SQL> select table_name from user_tables;
TABLE_NAME
------------------------------
a

A
3 rows selected.

Previous example with 2 rows instead of reported three and next with lost columns definitely could make some nervous people start searching for Oracle bugs.
SQL> create table b (" " number, "  " date);
Table created.
SQL> desc b
Name Null? Type
----------------------- -------- ------
NUMBER
DATE

But we can make things better. Why should we use only symbols on keybord? Remember the nice possibility of ALT key and numeric keypad keys. ALT + these keys gives us symbols according to their ASCII values, so just use your imagination. For example ALT+223 gives me this:
SQL> create table abnormal ("▀" number);
Table created.
SQL> desc abnormal
Name Null? Type
----------------------- -------- -------
▀ NUMBER

Nice little black square.
Next level might be making some columns a bit like hidden.
SQL> create table persons (name varchar2(10), "SYSDATE" date);
Table created.
SQL> insert into persons values ('John', sysdate-1);
1 row created.
SQL> select sysdate from dual;
SYSDATE
---------
31-JAN-09
SQL> select name, sysdate from persons;
NAME SYSDATE
---------- ---------
John 31-JAN-09

So where our column sysdate was gone? We inserted value sysdate-1 and got back the same sysdate? Although our column was in upper case, so our query column should be used? Naah, we should enclose it in quotes.
SQL> select name, "SYSDATE" from persons;
NAME SYSDATE
---------- ---------
John 30-JAN-09

So next time when you are starting to think about table name like C12, numeric column names, column names in quotes or something like that, don't be shy! Use the complete power of obscurity, so making your db more secure. If you'd try hard enough, you'd reach perfection when obscurity is so great that nobody, even you, won't be able to understand anything ;)
And I wasn't even suggesting to replace DUAL in your schema ;)

Friday, January 09, 2009

About experience

Just a few days ago Ryan Watson mentioned one of my articles in his blog post. It really wouldn't be anything important to write about but the first comment by Kevin really amused me and the comment was "Who is this guy and why is he qualified to comment on databases."

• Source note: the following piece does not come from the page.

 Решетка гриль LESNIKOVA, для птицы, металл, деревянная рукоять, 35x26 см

Blahhh... My answer was "[..] why does it matter and isn't better just to make reasonable pros and/or cons about the subject?" and Kevin answered with "Experts carry more weight than a novice; a senior Oracle admin with 20 years of experience has more experience to draw on. This is why a senior DBA will make $100 k and novice $20 k."

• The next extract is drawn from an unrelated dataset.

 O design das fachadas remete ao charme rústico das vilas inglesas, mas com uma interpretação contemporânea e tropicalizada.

This was something so immediate and direct statement that let me started to think more about this subject. How much experience means to me? How much it means to other people (virtually) around me? Probably we all know one of the brightest stars in this area good old Don with one of his latest performances here, but undoubtely for all of us - if we don't know other people and they say something, their experience somehow matters. So how much does it matter for me?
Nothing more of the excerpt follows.